Branch names should clearly indicate the purpose and type of change. Examples of naming conventions include:

  • project/feature/name_of_feature: Used for developing new features.
  • project/fix/name_of_fix: Used for fixing bugs.
  • project/refactor/name_of_refactor: Used for making structural changes to the code.

For example, to develop a new pipeline feature in “project_a”:

git checkout -b project_a/feature/add_pipeline

Branch Management Strategies

When working on GitHub, there are two primary branches in a project:

  1. prod: The branch for stable code used in the production environment.
  2. dev: The branch for testing and development work.

New features should always begin from the prod branch, tested in dev, and then merged back into prod.

Steps for Creating and Managing Branches

  1. Create a Branch from prod:
    • The git checkout command is used to switch between branches or create a new branch. git checkout prod activates the prod branch, and the -b option creates a new branch.Example commands to create a branch for a new feature:
git checkout prod
git pull git checkout -b feature/topic_1

2. Commit Changes and Push to Remote Repository:

  • After writing code, save changes in the local repository:

git commit -am "Add new feature"
git push -u origin feature/topic_1

3. Merge and Test in dev:

  • Create a Pull Request (PR) to merge changes into dev.
  • If conflicts arise, resolve them in a new branch (e.g., feature/topic_1/dev).

4. Deploy to prod:

  • Once testing is complete, merge the changes from dev into prod.

    Why Always Start from prod?

    The prod branch contains the most stable and up-to-date code.

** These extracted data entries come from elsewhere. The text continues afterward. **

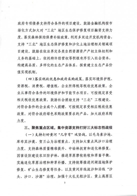 鼓励金融机构按市场化方式加大对“三北”地区生态保护修复项目融资支持力度。落实森林保险保费补贴政策。利用多双边开发机构资金,支持“三北”地区生态保护修复和沙化土地治理相关领域项目建设。落实税收优惠和政府采购政策。落实环境保护税、资源税、消费税、增值税、企业所得税等税收优惠政策。企业从事符合条件的环境保护和节能节水项目,可按规定享受相关税收优惠政策。
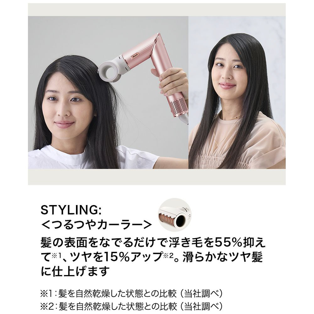 ブロー・カール・ストレート・ボリュームアップ・ツヤだしなど、様々なヘアスタイルを実現する多機能なマルチスタイリングドライヤーです。
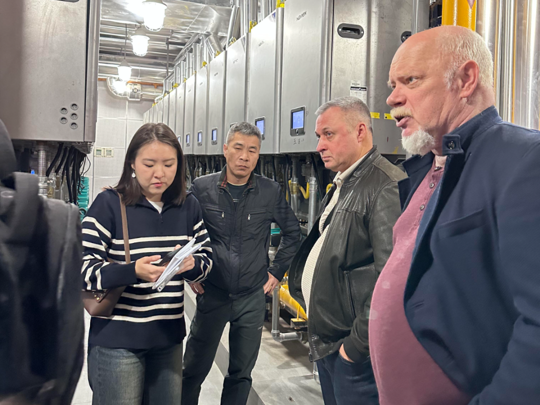 第二站,參觀團(tuán)隊(duì)前往北京興濤社區(qū),這里100臺(tái)NFB-98HC并聯(lián)系統(tǒng)的高效運(yùn)轉(zhuǎn)讓俄羅斯伙伴嘖嘖稱奇。這套系統(tǒng)以其智能調(diào)節(jié)和節(jié)能環(huán)保性能成為城市供暖的“隱形英雄”。尤其是煙氣余熱回收技術(shù),將排煙溫度降至20℃以下,不僅顯著減少了能源浪費(fèi),還有效解決了冬季“白煙滾滾”的困擾。這一技術(shù)憑借其高效節(jié)能和環(huán)境友好的特點(diǎn),展現(xiàn)了廣泛的應(yīng)用潛力,贏得了國際合作伙伴的高度評(píng)價(jià),被認(rèn)為在寒冷地區(qū)具有重要的推廣價(jià)值。更值得一提的是,通過遠(yuǎn)程智能APP控制,社區(qū)供暖實(shí)現(xiàn)了無人化管理,大大降低了運(yùn)營(yíng)成本,也為未來城市供暖方案提供了新方向。
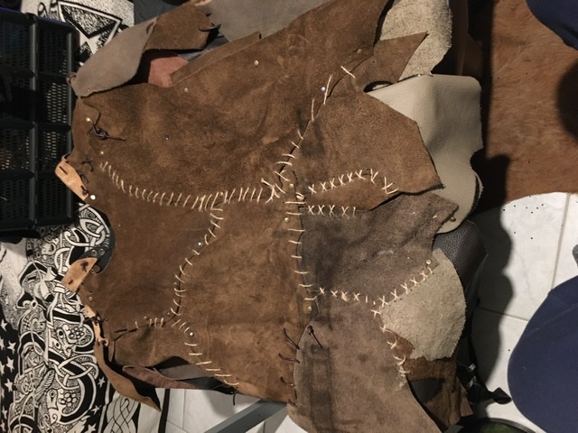 So nach 5 Std kopfzerreißender Arbeit mit blutigen Fingern & 5 Bier später hab ich endlich meinen Lederschurz fertig bekommen

When developing new features or fixing bugs, it is crucial to base your work on stable code to avoid unexpected errors. In contrast, the dev branch may include experimental or incomplete code, increasing the risk of complications. Thus, starting from prod ensures a more reliable foundation for your work.


    Guidelines for Commits and Pull Requests

    Writing Effective Commits

    Commit messages should be clear and concise, following these rules:

    • Write in the imperative mood: Describe what the commit will do.
      • Example: add google analytics extraction pipeline
      • Example: fix bug surplus revenue
    • Commit small and often: Save progress whenever the code is functional to enhance traceability.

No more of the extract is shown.